Consider reducing the context size to lighten the processing load: By experimenting with different sizes, you can strike a balance between speed & the capacity to understand context. When selecting models in Ollama, it’s advantageous to choose those optimized for speed, especially if response times are critical to your tasks.
By carefully analyzing hardware choices, optimizing configuration settings, & adjusting your model selections, performance in Ollama can improve dramatically. Suppliers constantly innovate, so ensure you keep up with the latest developments in Ollama & more broadly the LLM space for maximal returns on your investments.
Model selection significantly impacts Ollama’s performance. Smaller models generally run faster but may have lower capabilities. Consider using models optimized for speed: These models offer a good balance between performance and capabilities. Quantization reduces model size and improves inference speed. Ollama supports various quantization levels.
Performance Tuning Steps:
- Adjusting Resource Allocation: Learn how to manage CPU and memory resources dedicated to Ollama to balance performance with system demands.

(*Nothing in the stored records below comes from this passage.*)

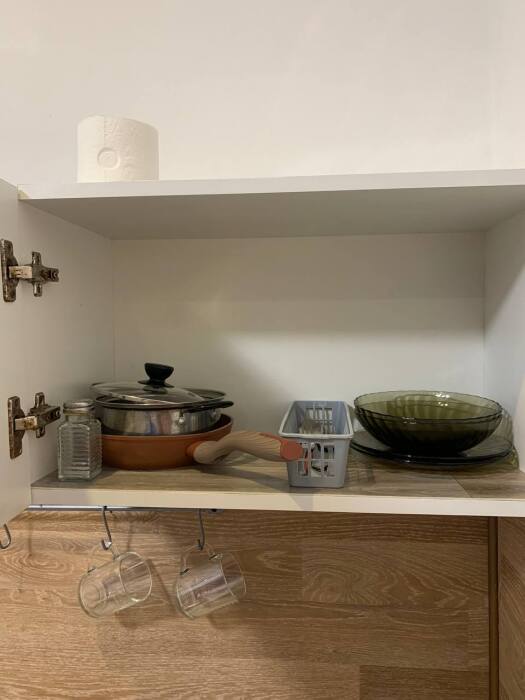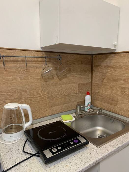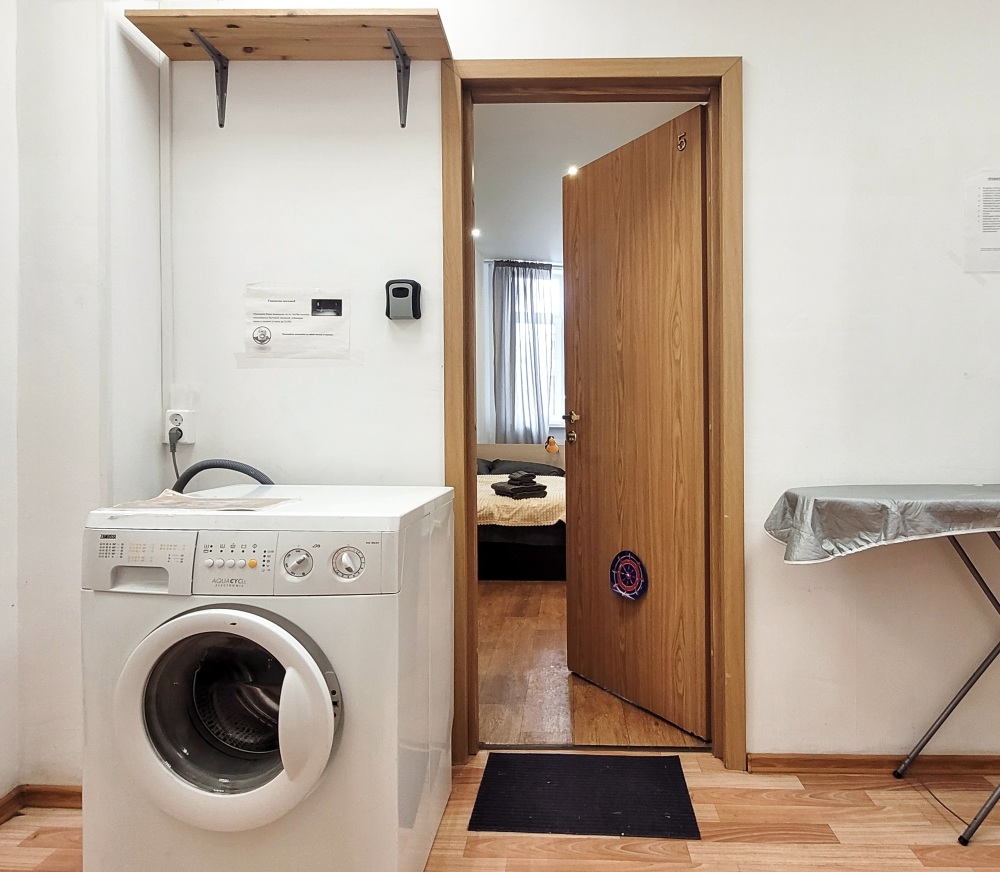 Есть всё необходимое в общем доступе вай-фай, холодильник, телевизор, плитка, посуда, постельное, микроволновка, утюг, стиральная машинка.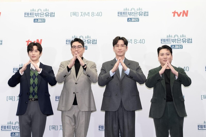 Actors Cho Jin-woong, Choi Won-young, Park Myung-hoon, and Kwon Yul, who left for Spain with a backpack, have attended the production presentation of tvN's variety show "Europe Outside Your Tent" held at the Stanford Hotel in Sangam-gu, Seoul on Thursday.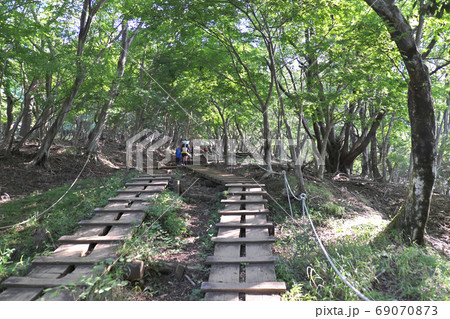 新緑の丹沢山稜線を行く登山者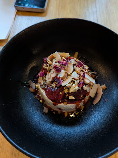 Nazzar really is a hidden gem in Perth when it comes to Middle Eastern cuisine. An unassuming look from the outside, great experience once you're in. We honestly didn't expect much to begin with. For 2 people for dinner, we ordered sticky lamb ribs, grilled chicken skewers, charred cabbage & finished with a coconut malabi, plus drinks, and we were full before dessert arrived. Sticky lamb ribs with date molasses $26: Solid 8.5/10. Decent portion, not as fatty as many other places, the skin was fantastic, the meat was so tender but you can still enjoy chewing it. With this price, there wasn't any complaint at all. Zaffarani chicken skewers $30: Big skewers, meat wasn't dry, tasted great. 8/10. It is pricier than the normal chicken skewers. Charred cabbage & herb salad: 9 out of 10. The only improvement here could be the parsley to be chopped a bit smaller, that's it. I love it. It wasn't your regular oily cabbage. Coconut malabi, sumac strawberries, rose & pistachio crumble $16: 9.5 out of 10. Creamier but thicker than a panna cotta. It wasn't too sweet, just enough to finish the night. The strawberry compote and the crumble gave a nice texture, so overall, it deserves a 9.5. Service: 10/10. The waitress was really nice and attentive.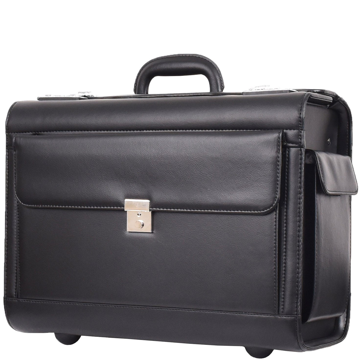 Wheeled Faux Leather Pilot Case Flight Carry on Cabin Bag HOL691 Black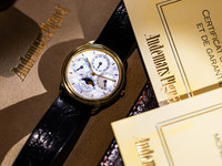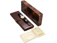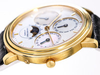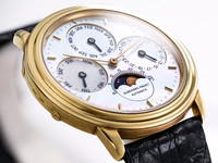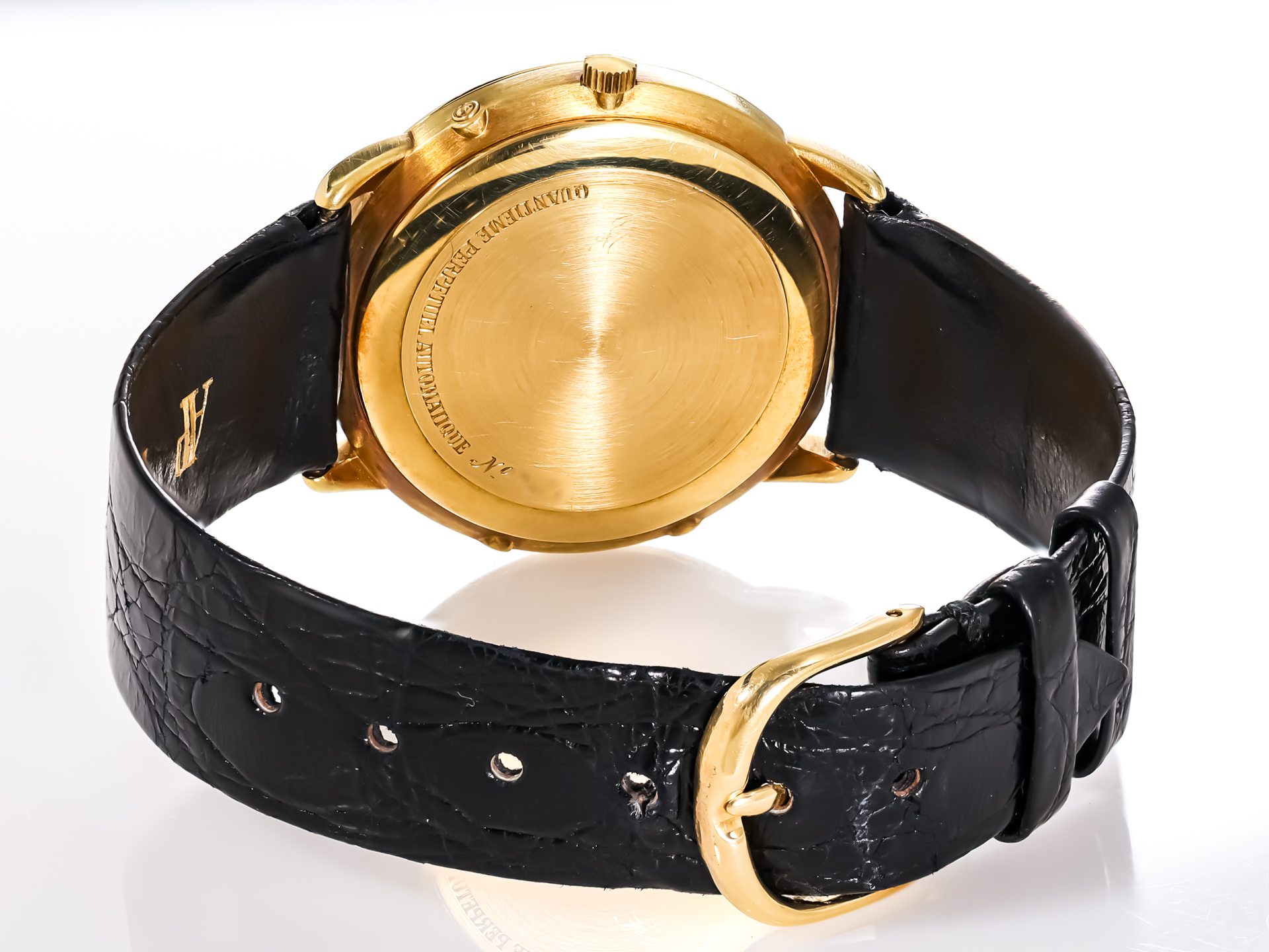 The 18k yellow gold case, with its slim profile and polished bezel, remains in excellent condition and retains the quiet elegance that characterizes AP’s pre-Royal Oak complication pieces. The watch wears with remarkable lightness, underscoring the technical sophistication of its ultra-thin automatic movement.

- Model Optimization: Techniques for refining model parameters to enhance speed and accuracy without compromising the quality of results.
Comparison with MLX:
As of mlx version 0.14, mlx already achieved the same performance of llama.cpp and Ollama, with about 65 t/s for llama 8b-4bit M3 Max. I’ve read that mlx version 0.15 increased the FFT performance by 30x.
While Ollama can run on CPUs, its performance is significantly better with modern, powerful processors. Consider upgrading to a CPU with: For example, an Intel Core i9 or AMD Ryzen 9 processor can provide a substantial performance boost for Ollama. RAM plays a crucial role in Ollama’s performance, especially when working with larger models.
Fine-tuning Ollama models can significantly enhance the performance of LLMs in various applications. This process involves adjusting the model parameters to better fit specific tasks or datasets, leading to improved accuracy and relevance in outputs.